ECJ opens floodgates for new wave of Diesel litigation

The European Court of Justice (ECJ) has opened a new chapter in the seemingly never-ending Dieselgate saga. On 21 March 2023, the ECJ ruled that EU law on approval of motor vehicles protects – in addition to public interests – the specific interests of the individual purchaser of a motor vehicle vis-à-vis its manufacturer.[1] The judgment facilitates compensation claims by purchasers of vehicles with a prohibited defeat device. As a result, a new wave of litigation is likely to hit car manufacturers.

The matter was referred to the ECJ for preliminary ruling by the Landgericht Ravensburg (Regional Court, Germany). The claimant in the main proceedings, an individual who bought a car manufactured by Mercedes-Benz Group (Mercedes), seeks compensation for damage allegedly caused by a so-called “temperature window”. The referring court asked the ECJ to determine whether the Framework Directive 2007/46/EC[2] (Framework Directive) read in conjunction with the Regulation No 715/2007[3] (Regulation) protects the interests of individual purchasers of vehicles, in addition to public interests. The question is crucial as, under German tort law, damages claims for negligence require the infringement of a statute intended to protect another person’s individual interest; an infringement of a rule that protects merely public interests does not suffice.[4]

In its judgment, the ECJ noted that the Framework Directive requires manufacturers to issue a “certificate of conformity” to the individual purchaser of a vehicle. The certificate confirms that “a vehicle belonging to the series of the type approved in accordance with [the Framework Directive] complied with all regulatory acts at the time of its production.” From this requirement, the ECJ concluded that an individual purchaser can reasonably expect their vehicle to comply fully with relevant EU legislation and recognized a “direct link” between manufacturer and purchaser. Consequently, the ECJ interpreted the Framework Directive and the Regulation “as protecting, in addition to public interests, the specific interests of the individual purchaser of a motor vehicle vis-à-vis the manufacturer of that vehicle where that vehicle is equipped with a prohibited defeat device.”

The ECJ was also asked to determine whether the temperature window at hand actually is a prohibited defeat device within the meaning of the Regulation and to clarify the EU law’s stance on whether the benefit a customer has derived from using the vehicle should be offset against the reimbursement of the purchase price. As to the former, the ECJ stated with reference to earlier case law[5] that a temperature window might very well fall within the definition of prohibited defeat devices under the Regulation, if none of the exceptions to that prohibitions were met. The ECJ demanded a strict and rigid interpretation of those exceptions but in light of its jurisdiction ultimately left the necessary factual assessments to the referring court. As to the latter, the ECJ again ruled that this was for the national courts to decide but emphasised the importance of the principle of effectiveness of EU law.

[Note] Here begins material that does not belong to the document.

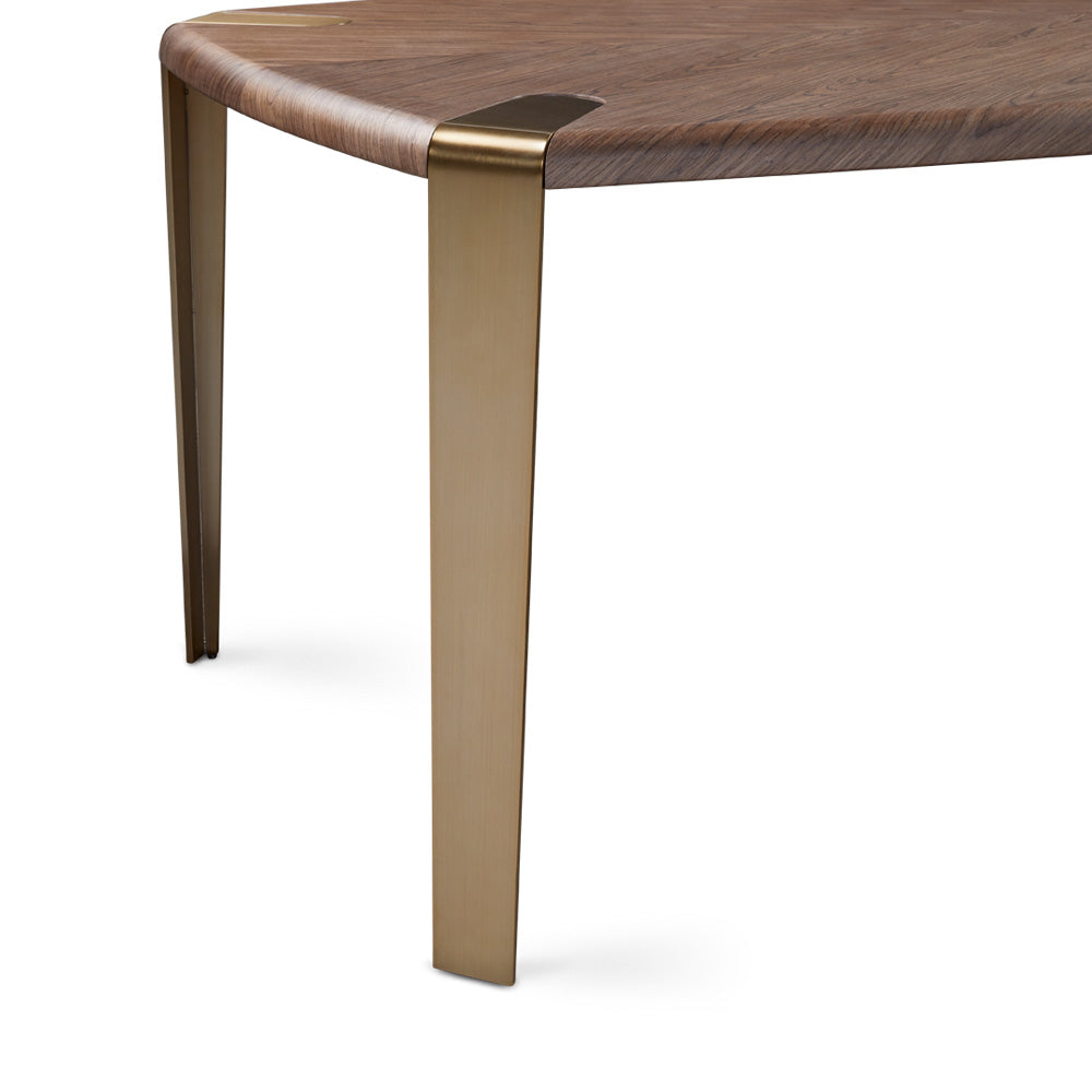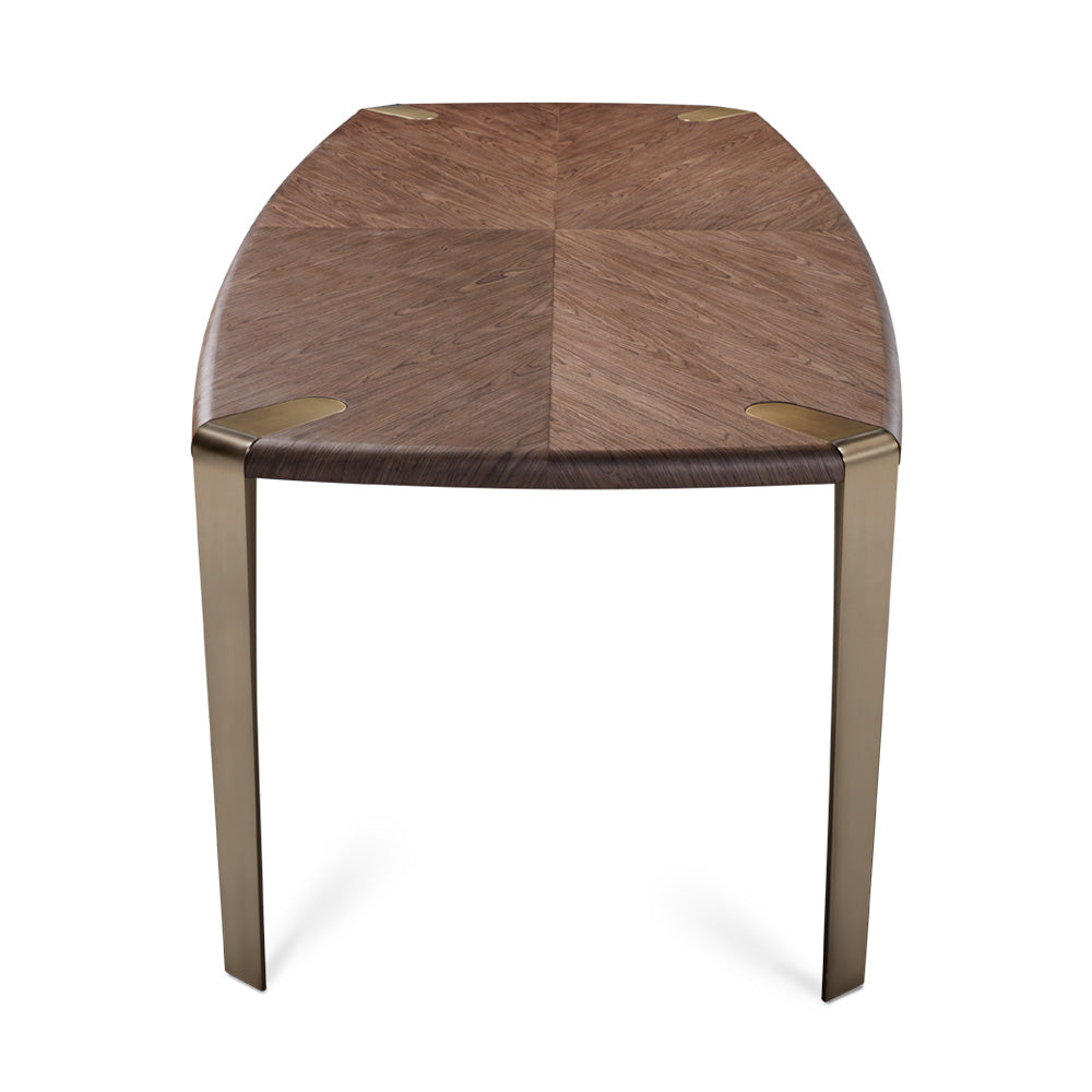 The Melody Dining Table boasts a harmonious blend of natural charm and contemporary elegance. Its solid wood top exudes warmth and character, showcasing the unique grain patterns and durability of the wood. Complementing the rustic top are the brushed bronze steel legs, which add a touch of sophistication and modern flair to the table's design. This combination of materials creates a striking visual contrast, making the Melody Dining Table a standout centerpiece that seamlessly integrates into various interior styles, from farmhouse chic to industrial loft. Perfect for gathering family and friends, this table offers both functionality and aesthetic appeal, enhancing any dining space with its timeless beauty and sturdy construction.

Even though the ECJ left many questions to national courts, the potential implications of this judgement are far-reaching, at least for Germany. Until now, the German Bundesgerichtshof (Federal Court of Justice) had brushed away any notion that EU legislation on type approval might protect the specific interests of individual persons, thereby ruling out any claims for compensation based on negligent conduct. Instead, claimants could only obtain compensation where intentional damage contrary to public policy was found, a notoriously high threshold, which so far has been passed only by Volkswagen’s use of defeat devices in its EA189 motors. The ECJ decision overturns the German Bundesgerichtshof’s position and clears the path for damages claims based on negligence in all cases concerning a prohibited defeat device.[6]

The German Bundesgerichtshof, having stayed approx. 1,500 Mercedes-related proceedings in anticipation of the ECJ’s decision, will decide on 8 May 2023 on how to proceed in light of the new developments. To be continued.

Anton Burri[7] and Johannes Nickl[8]

[1] Judgment of 21 March 2023, QB v Mercedes-Benz Group AG, C-100/21, ECLI:EU:C:2023:229.

[2] Directive 2007/46/EC of the European Parliament and of the Council of 5 September 2007 establishing a framework for the approval of motor vehicles and their trailers, and of systems, components and separate technical units intended for such vehicles, as amended by Commission Regulation (EC) No 385/2009 of 7 May 2009.

[3] Regulation (EC) No 715/2007 of the European Parliament and of the Council of 20 June 2007 on type approval of motor vehicles with respect to emissions from light passenger and commercial vehicles (Euro 5 and Euro 6) and on access to vehicle repair and maintenance information; Art. 3(10) and Art. 5(2) Regulation.

[4] See Section 823(2) German Civil Code.

[5] Judgment of 14 July 2022, GSMB Invest, C‑128/20, EU:C:2022:570.

[6] Based on Section 826 BGB.

[7] Faculty of Law, University of Lucerne, Switzerland.

[8] Faculty of Law, Heidelberg University, Germany.